What you return should be every line below, word for word, and none of the images.

Data section –

■ ■ ■ ■ ■

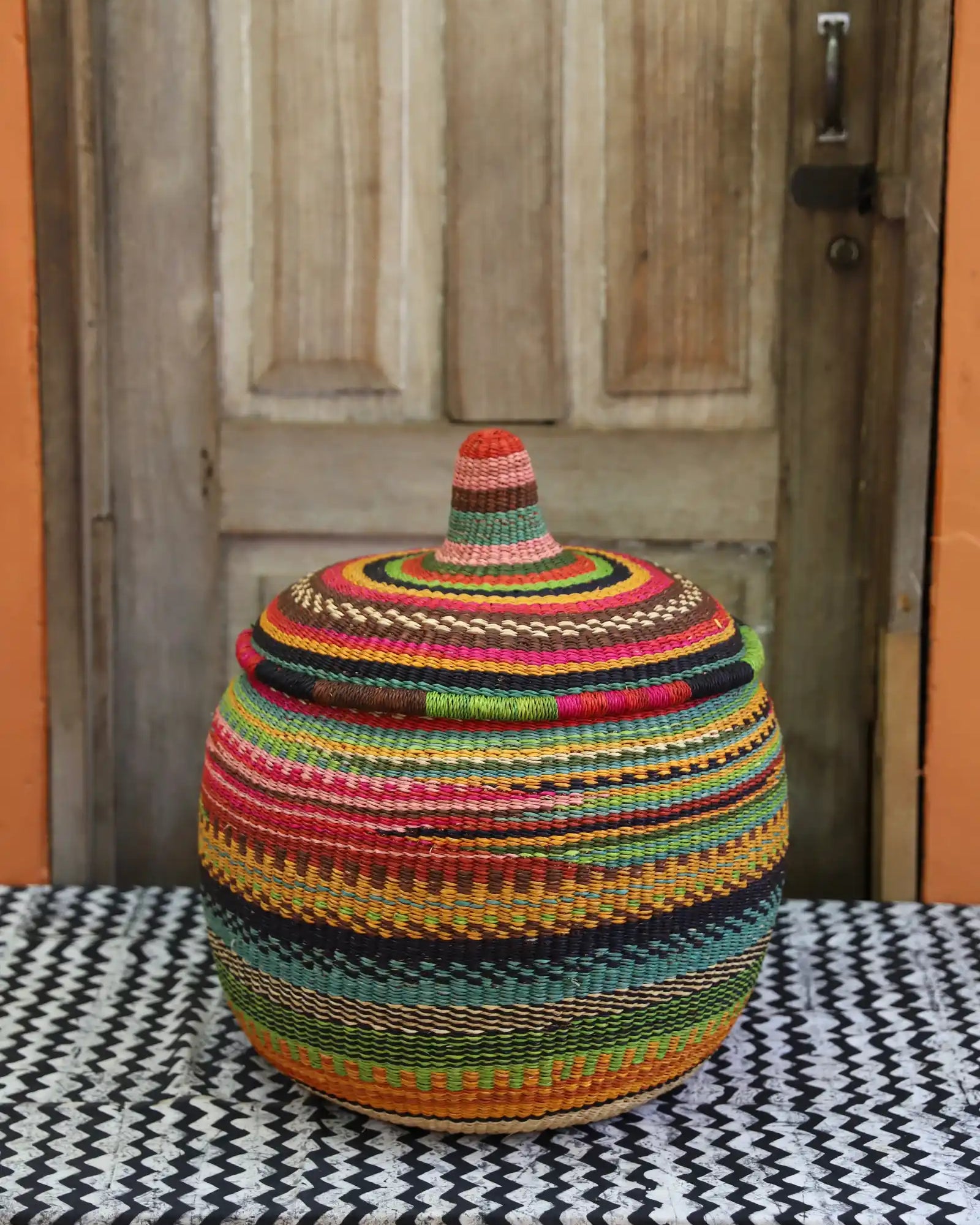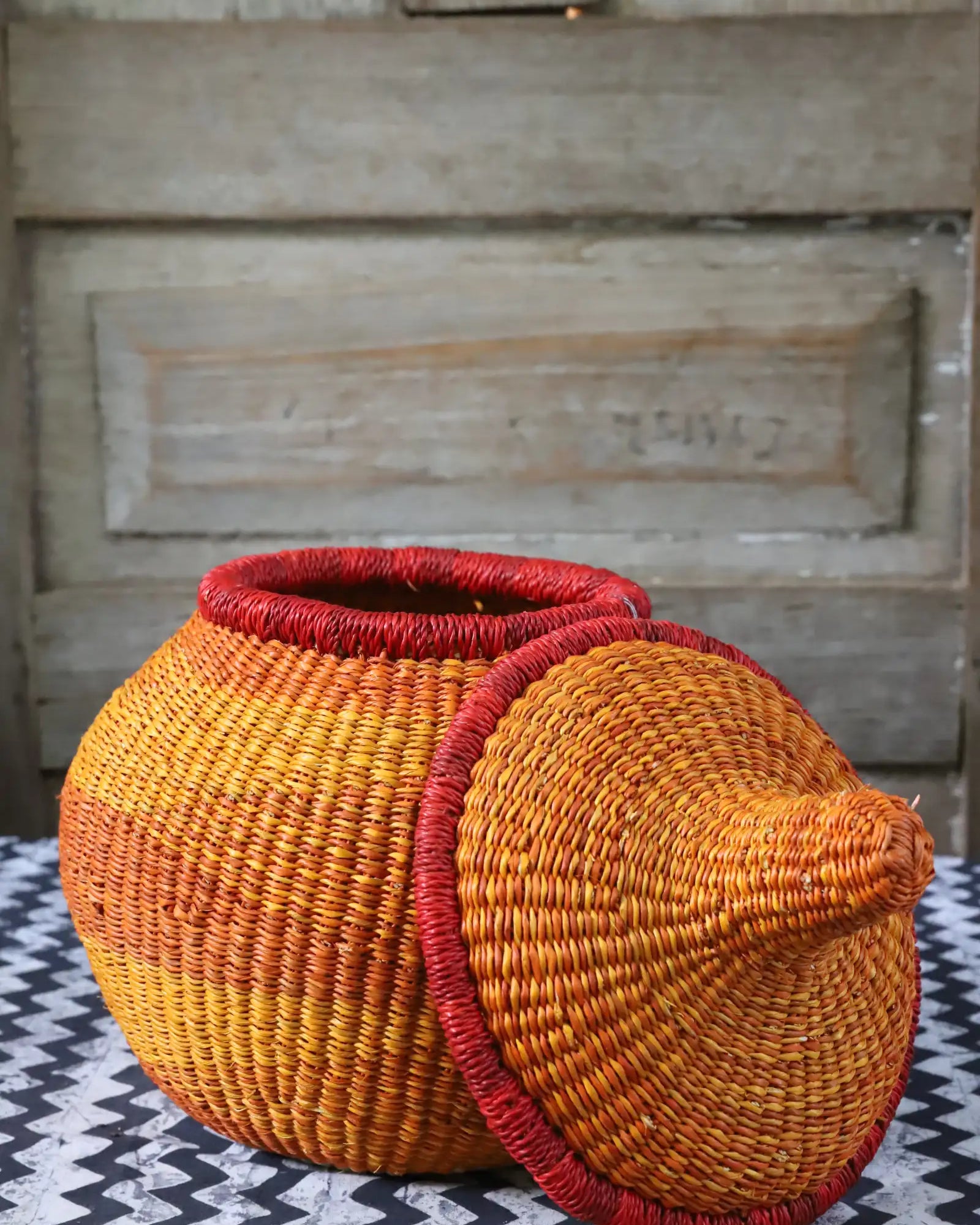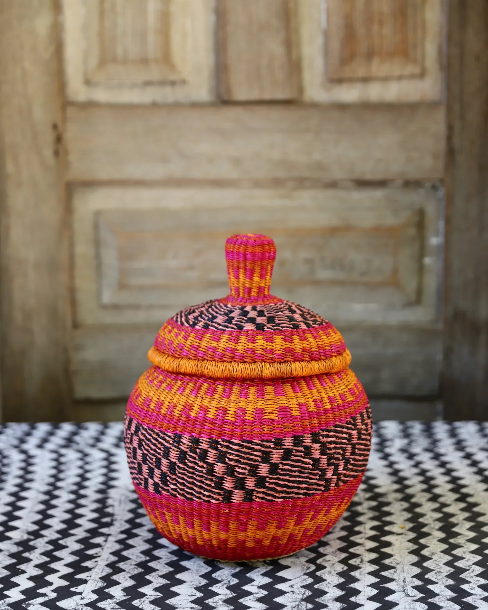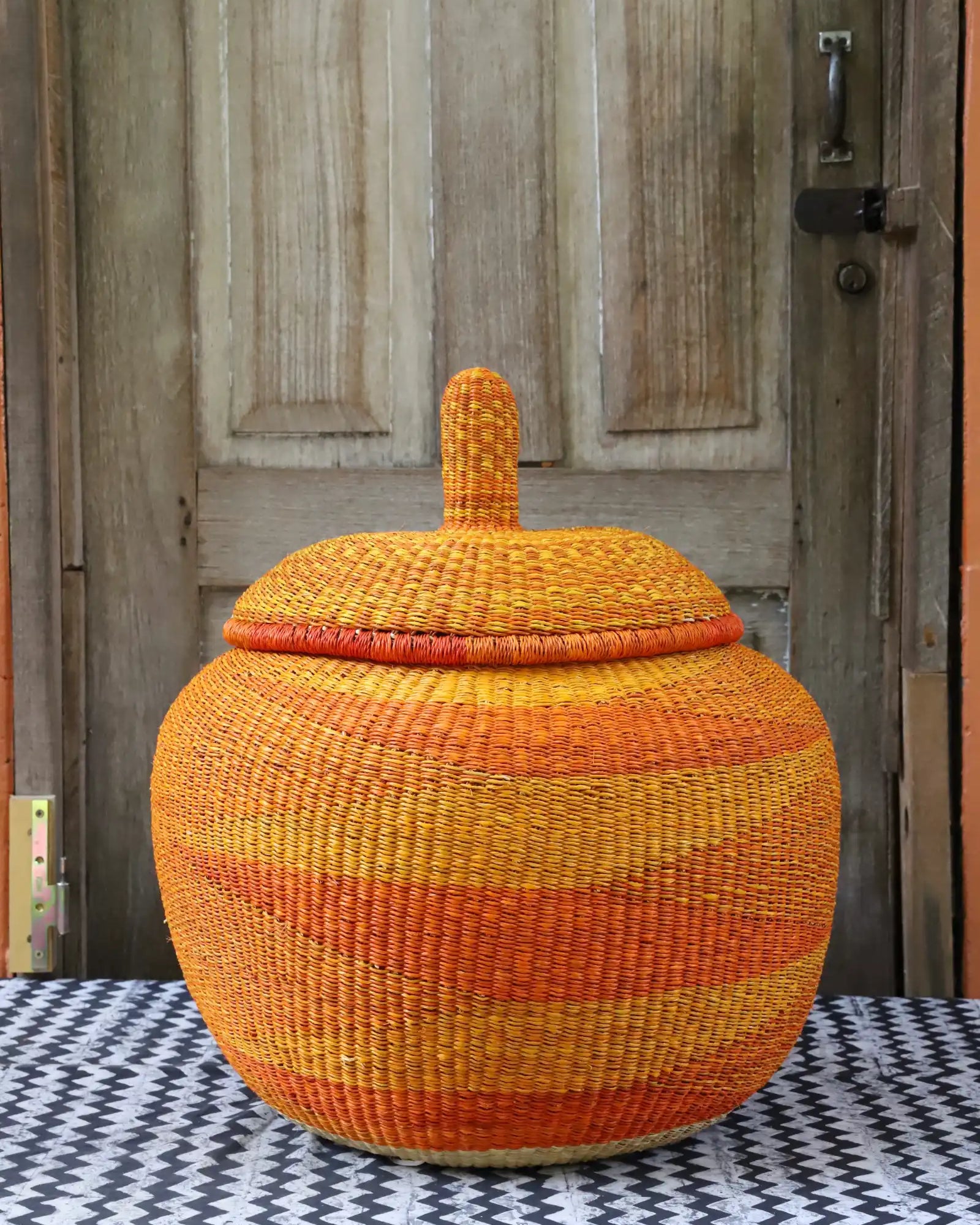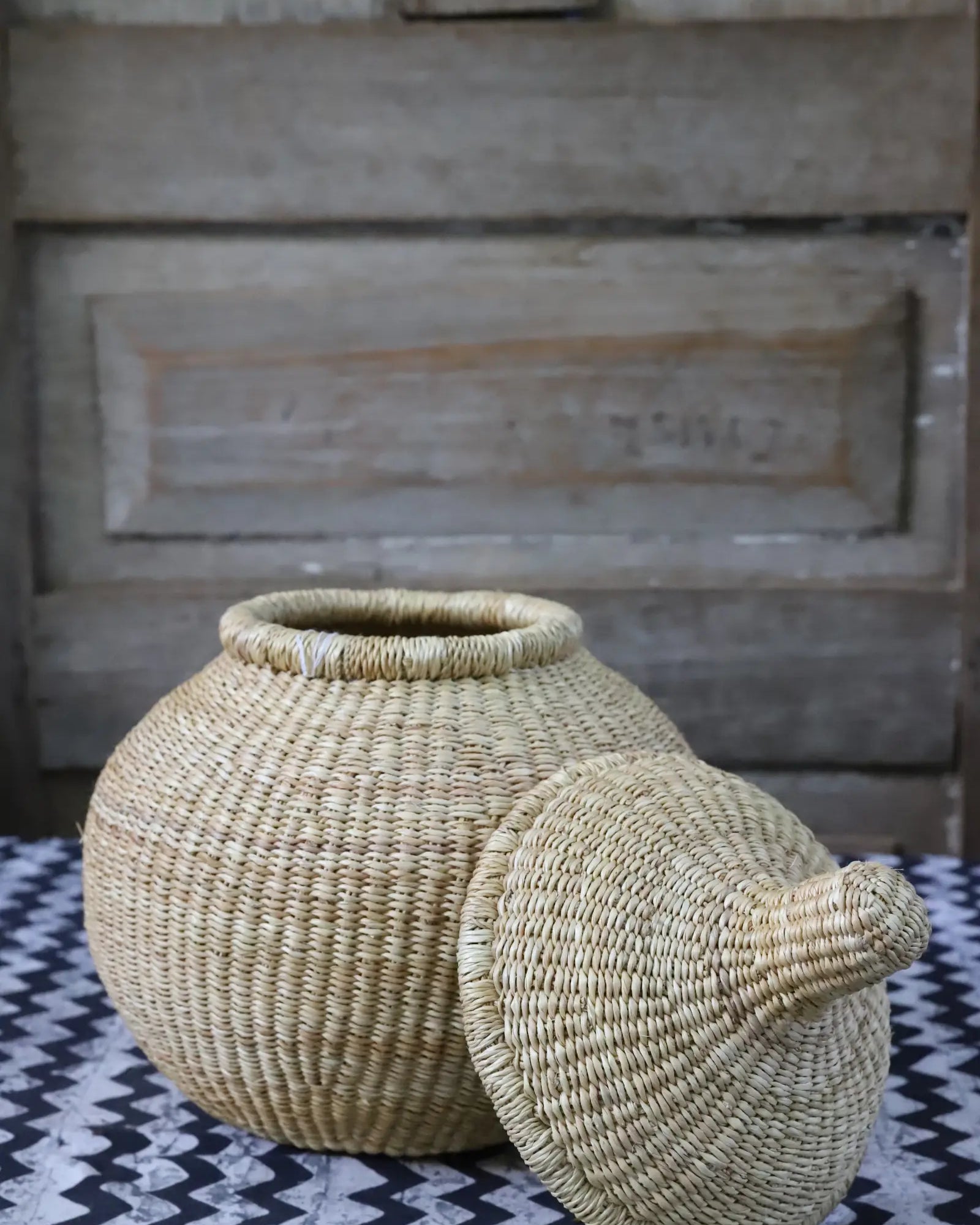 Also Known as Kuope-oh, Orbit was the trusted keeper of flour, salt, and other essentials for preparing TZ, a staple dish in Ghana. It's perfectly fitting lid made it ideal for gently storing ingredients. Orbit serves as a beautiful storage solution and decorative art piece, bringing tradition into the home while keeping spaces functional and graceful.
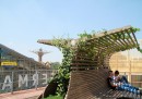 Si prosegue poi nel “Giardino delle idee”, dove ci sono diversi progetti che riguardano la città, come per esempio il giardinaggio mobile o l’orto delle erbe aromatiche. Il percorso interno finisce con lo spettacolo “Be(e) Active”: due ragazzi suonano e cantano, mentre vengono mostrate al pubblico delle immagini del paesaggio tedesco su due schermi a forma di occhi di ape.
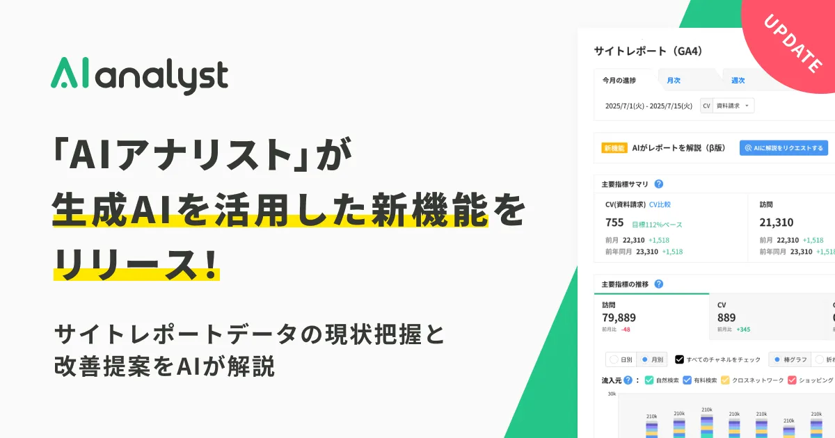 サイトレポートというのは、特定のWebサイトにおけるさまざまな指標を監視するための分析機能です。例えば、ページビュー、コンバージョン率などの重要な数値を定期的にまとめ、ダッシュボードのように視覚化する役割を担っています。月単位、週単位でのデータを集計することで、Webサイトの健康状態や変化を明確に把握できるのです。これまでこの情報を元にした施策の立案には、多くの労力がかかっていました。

■ ■ ■ ■ ■

Solution below –
 Also Known as Kuope-oh, Orbit was the trusted keeper of flour, salt, and other essentials for preparing TZ, a staple dish in Ghana. It's perfectly fitting lid made it ideal for gently storing ingredients. Orbit serves as a beautiful storage solution and decorative art piece, bringing tradition into the home while keeping spaces functional and graceful.
 Si prosegue poi nel “Giardino delle idee”, dove ci sono diversi progetti che riguardano la città, come per esempio il giardinaggio mobile o l’orto delle erbe aromatiche. Il percorso interno finisce con lo spettacolo “Be(e) Active”: due ragazzi suonano e cantano, mentre vengono mostrate al pubblico delle immagini del paesaggio tedesco su due schermi a forma di occhi di ape.
 サイトレポートというのは、特定のWebサイトにおけるさまざまな指標を監視するための分析機能です。例えば、ページビュー、コンバージョン率などの重要な数値を定期的にまとめ、ダッシュボードのように視覚化する役割を担っています。月単位、週単位でのデータを集計することで、Webサイトの健康状態や変化を明確に把握できるのです。これまでこの情報を元にした施策の立案には、多くの労力がかかっていました。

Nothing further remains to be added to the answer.